Speciality coffee group Taylor St Baristas has appointed administrators, days after selling its café estate to Black Sheep, and abandoning a crowdfunding campaign.

Founder Nick Tolley said Taylor St was carrying too much debt, which had affected its ability to raise new capital.

The pioneering coffee group, founded by Tolley and two siblings, had recently disposed of its coffee shop estate, as part of a pivot from café operator to “full stack coffee business”.

Black Sheep retains the license to operate the Taylor St brand under the eight cafes it acquired for an undisclosed sum.

At around the same time, MCA understands the business pulled its £750,000 Crowdcube equity fundraise, after reaching less than a quarter of the target in a month.

Tolley told MCA earlier this week the group was exploring alternative funding options.

Meanwhile Sodexo, which is expected to open more than 100 branded Taylor St cafes, and a further 300 cafes under Taylor St-created proprietary brand Chapter & Verse, said it had been assured there would be no operational disruption or impact in its working partnership during the refinancing process. 

Tolley said in a statement: “Sadly, Taylor St’s carrying too much debt, which has affected our ability to raise new capital to support the ongoing development of the business.

“Whilst the underlying fundamentals of the business remain strong – and our customers and wholesale clients continue to love and engage with the brand – we’ve simply been unable to overcome a balance sheet that’s carrying too much debt.”

“As founders, we’ll do everything we can to support Taylor St’s licensees and partners and ensure no interruption to our customers and people through this administration process.”

A Sodexo spokesperson said: “As a Sodexo partner and innovative small business, we are sorry that Taylor St Baristas has gone into administration. We have assurances from Taylor St’s senior team that during the refinancing of the business there will be no operational disruption to the supply of Taylor St coffee and therefore no impact to our working partnership.

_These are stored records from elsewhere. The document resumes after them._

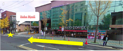 Directions: Take Line 2 to Hapjeong Station, transfer to line 6 and get off at Sangsu Station exit #2. Turn left and keep walking straight for around 3 minutes. Hoho Myoll is just past the Hollys Coffee on your right.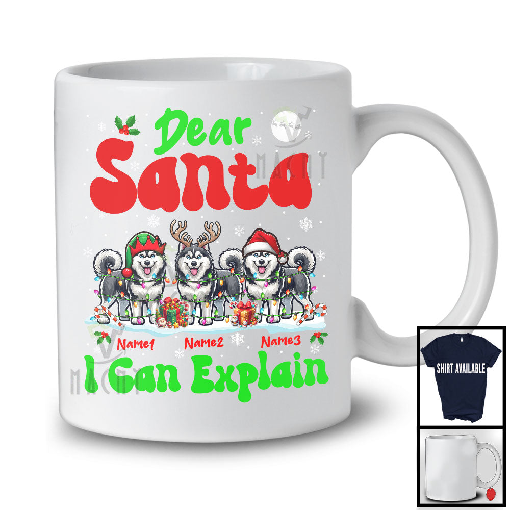 Personalized Santa I Can Explain; Cheerful Christmas Lights Custom Name Three Husky; Snowing T-Shirt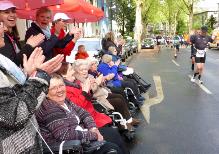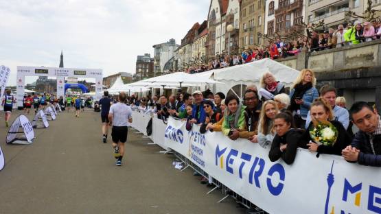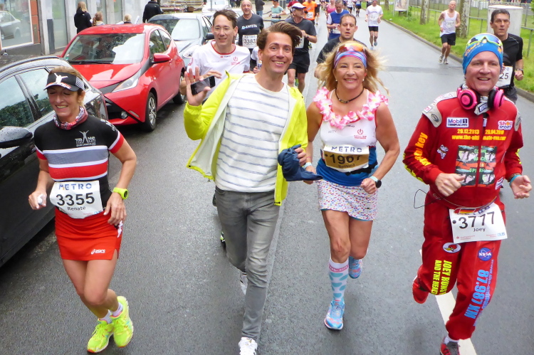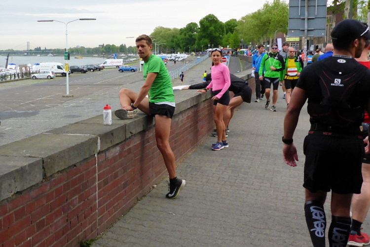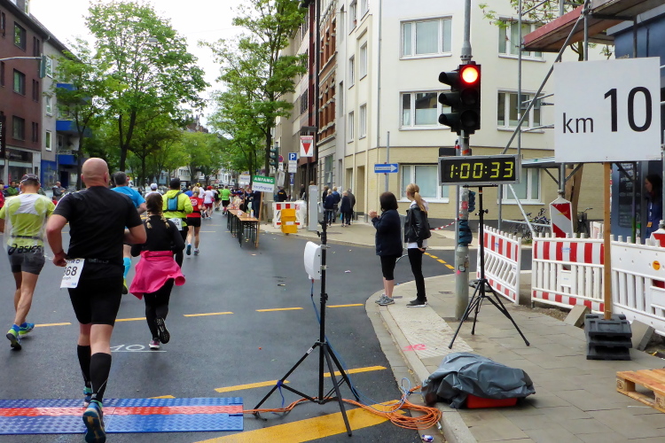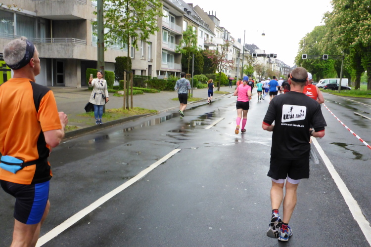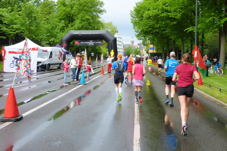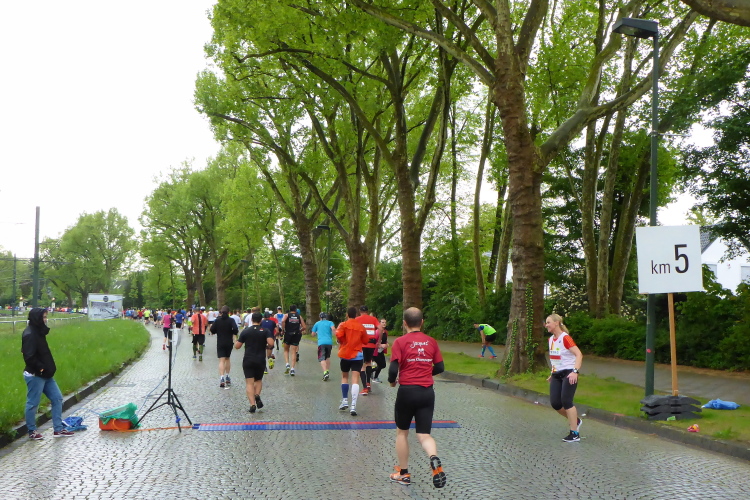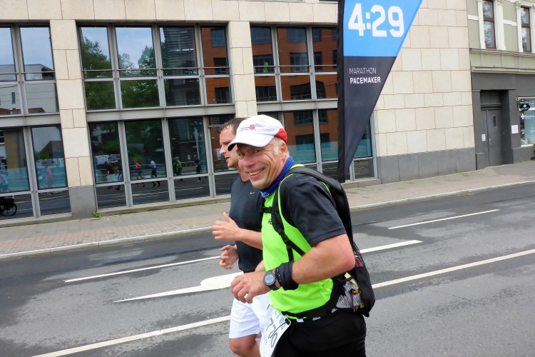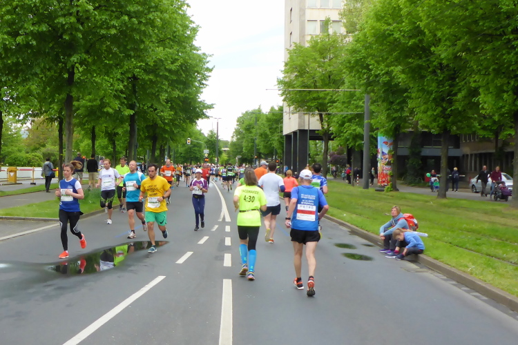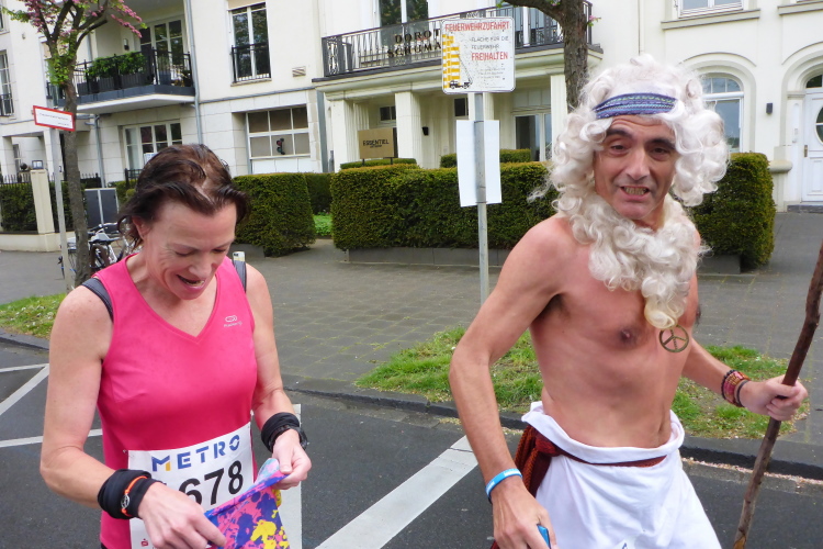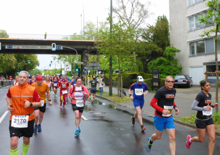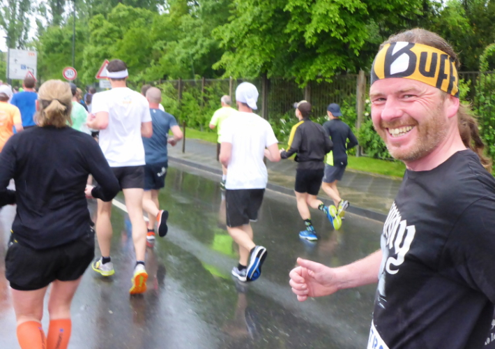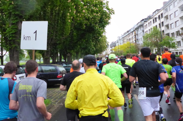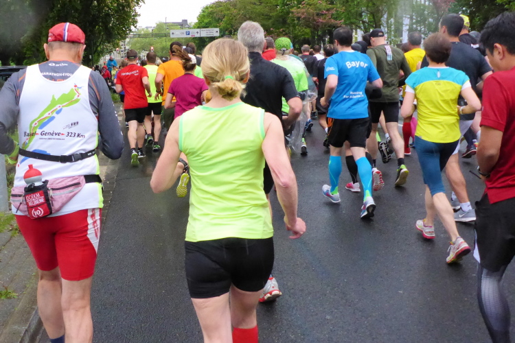 Lustig ist auch Dan aus Lothringen, der jedes Wochenende einen Marathon als Moses verkleidet läuft. Die Zuschauer sind begeistert von ihm. Ansonsten sehe ich keine verkleideten Läufer, und potentielle Zuschauer lassen sich zunächst vom Regen abschrecken. An der 10 Kilometermarke sehe ich, dass ich heute schnell bin. Keine 40 Minuten, wie früher, aber eine wacklige Eins steht da. Werde ich das Tempo auf 42 Kilometern halten können?

We will of course remain in close contact with the company as they work through this process.”

Following the shops sale and a strategic review, Taylor St appointed administrators at David Rubin & Partners.

“Following a strategic review of the company’s finances, the directors concluded that the highly leveraged capital structure of the business was no longer sustainable, and that the balance sheet was carrying too much debt to facilitate ongoing trading,” joint administrator Asher Miller said.

“Consequently, facing insolvency, in order to protect the business the directors took steps to place the company into administration.”

The administrators will now conduct a marketing exercise to find buyers for all, or part, of the remaining business and maximise returns to creditors.

Due to the “strong” underlying fundamentals of the business, Miller expects to receive “substantial interest” from potential buyers in the coming weeks.

He added: “We are very positive about the prospects of achieving a sale, and indeed, even at this early stage we have already received expressions of interest from multiple third parties.”